Advanced ATSC 3.0 Chip Launched for Mobile and Broadcast Applications (2019-01-08). The demodulator SoC was designed and developed by Saankhya Labs with ASIC turnkey design and manufacturing services from VeriSilicon, using Samsung Foundry’s state of the art 28FDS (its Fully Depleted SOI process technology), chosen for its unique low power capabilities offered by the back bias option. (See more in-depth coverage on this announcement from SOI News here.)
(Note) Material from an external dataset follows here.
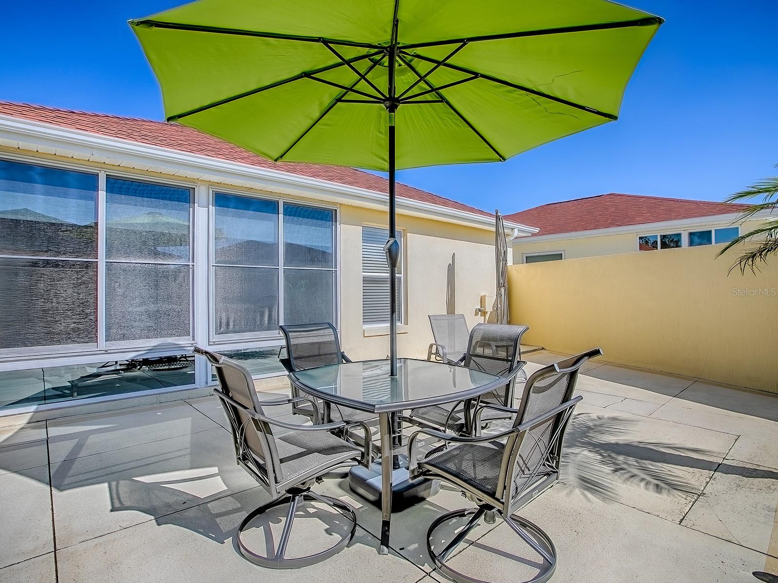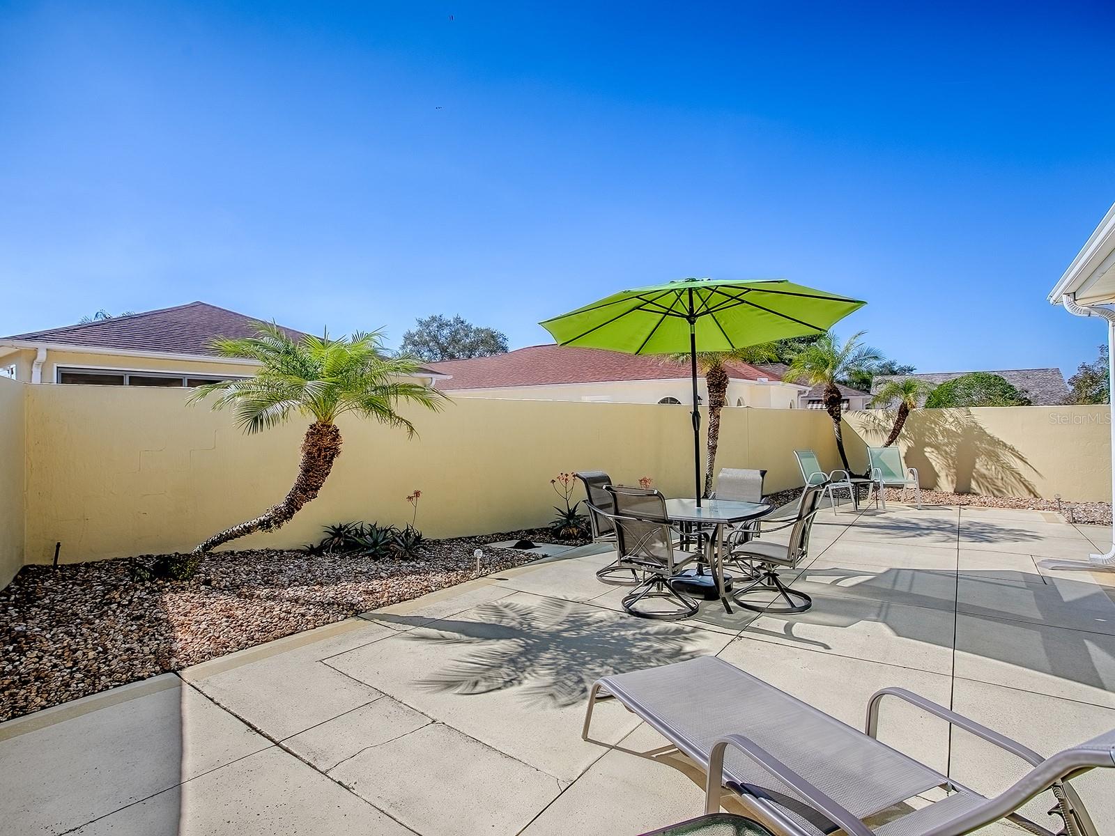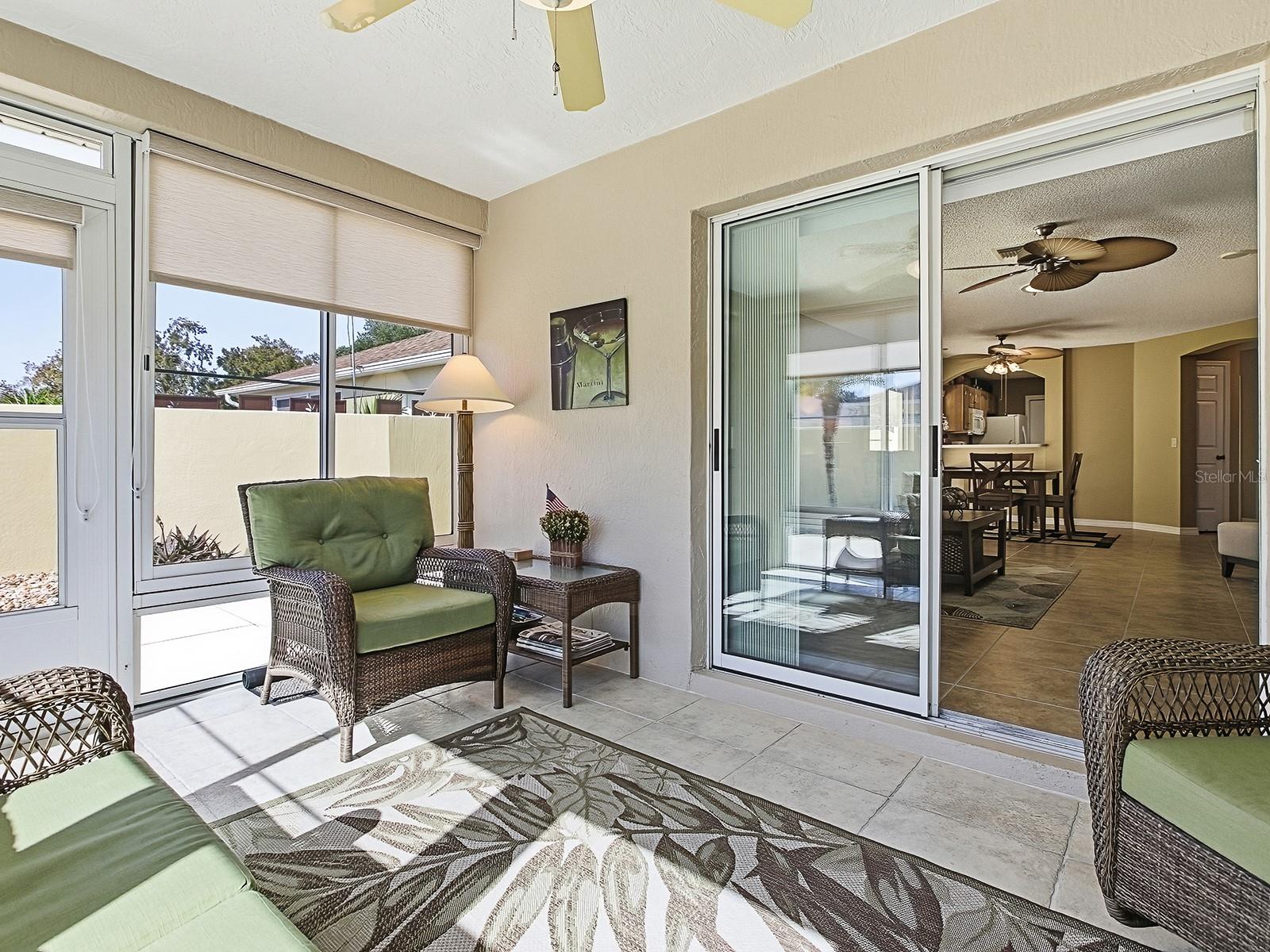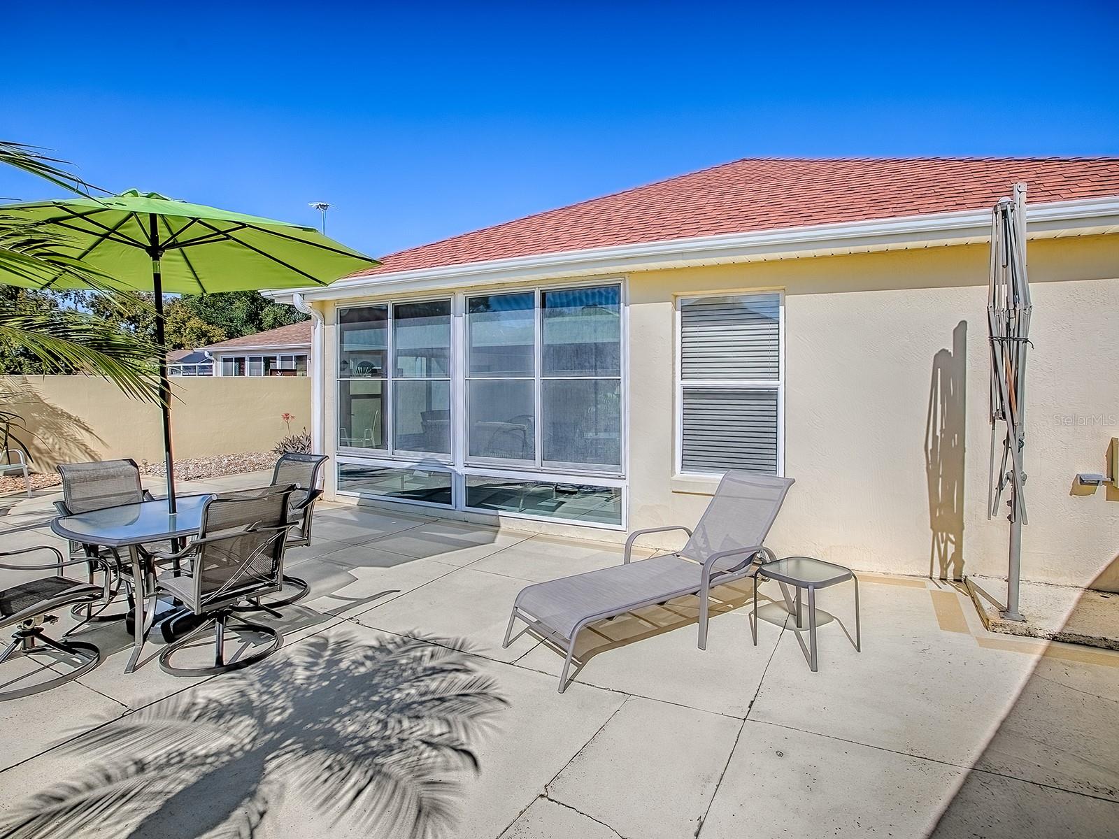 BOND PAID! This delightful 2/2 San Pedro Courtyard Villa is perfectly positioned in the Rio Grande Villas, offering comfort, charm, and an inviting low-maintenance lifestyle. Attractive rock-and-shrub landscaping leads to a welcoming glass storm door with side lite. Inside, the kitchen impresses with a SOLAR TUBE, like-new appliances, high-definition countertops, a closet pantry, and a convenient pass-through to the dining room. The INSIDE LAUNDRY is tucked neatly behind double doors within the kitchen. Porcelain tile flooring enhances the home’s open layout, creating a bright, airy setting ideal for everyday living or entertaining. The dining room also features a SOLAR TUBE, where NEW PELLA SLIDING GLASS DOORS with built-in blinds open to the side patio with a retractable awning, perfect for outdoor relaxation. The OPEN FLOORPLAN flows seamlessly from the kitchen into the living room lead to the FULLY ENCLOSED LANAI. This wonderful extension of living space includes new roll-down shades for privacy and temperature control. The primary bedroom is a peaceful retreat with direct lanai access and a custom WALK-IN CLOSET. Its en-suite bath offers a SOLAR TUBE, walk-in shower linen closet, and high-definition countertops. The guest bedroom, also enhanced by a SOLAR TUBE, is perfect for visitors or use as an office, with the guest bath featuring a convenient tub/shower combo. The garage adds practicality with a screen, SOLAR TUBE, and extra storage. Additional updates include added insulation, a hot-tub hookup in the courtyard, and a hot-water circulation pump. NEW ROOF COMING DECEMBER 2025! Ideally located just minutes from Spanish Springs Square and Lake Sumter Landing, and close to Santiago Recreation Center, Tierra Del Sol Country Club, five executive golf courses, Savannah Center. Shopping, dining, and medical facilities are also nearby. Don’t miss the chance to make this charming villa your private sanctuary in The Villages!

VeriSilicon Announces Ultra Low Power BLE 5.0 RF IP based on GLOBALFOUNDRIES 22FDX FD-SOI Process for IoT Applications (2018-11-01). The IP includes a transceiver that is compliant with the BLE 5.0 specification and supports GFSK modulation and demodulation. The silicon measurement shows that the sensitivity can be tested up to -98dBm with less than 7mW power dissipation in typical conditions. It largely improves battery life for low power IoT applications. In addition, the RF transceiver saves 40% area compared to a similar implementation on 55nm bulk CMOS. Besides the RF transceiver, this IP integrates on-chip balun, TX/RX switch and 32K RC OSC driver to save the BOM. Moreover, high efficiency DC/DC and LDOs are also available for power management. “Wearable and IoT markets especially the wireless earplug market are growing rapidly, and it will surge through consumer use, hearing aids, personal care and other industrial applications.” said Dr. Wayne Dai, Founder, Chairman, President and CEO of VeriSilicon. “By taking advantage of integrated RF capabilities of FD-SOI, in particular GF’s 22FDX, our BLE 5.0 RF IP will significantly reduce the system cost and greatly boost the growth momentum of wearable products such as wireless earplugs.”
GlobalFoundries and VeriSilicon to Enable Single-Chip Solution for Next-Gen IoT Networks (2017-07-13). The integrated solution leverages GF’s 22FDX technology to decrease power, area, and cost for NB-IoT and LTE-M applications.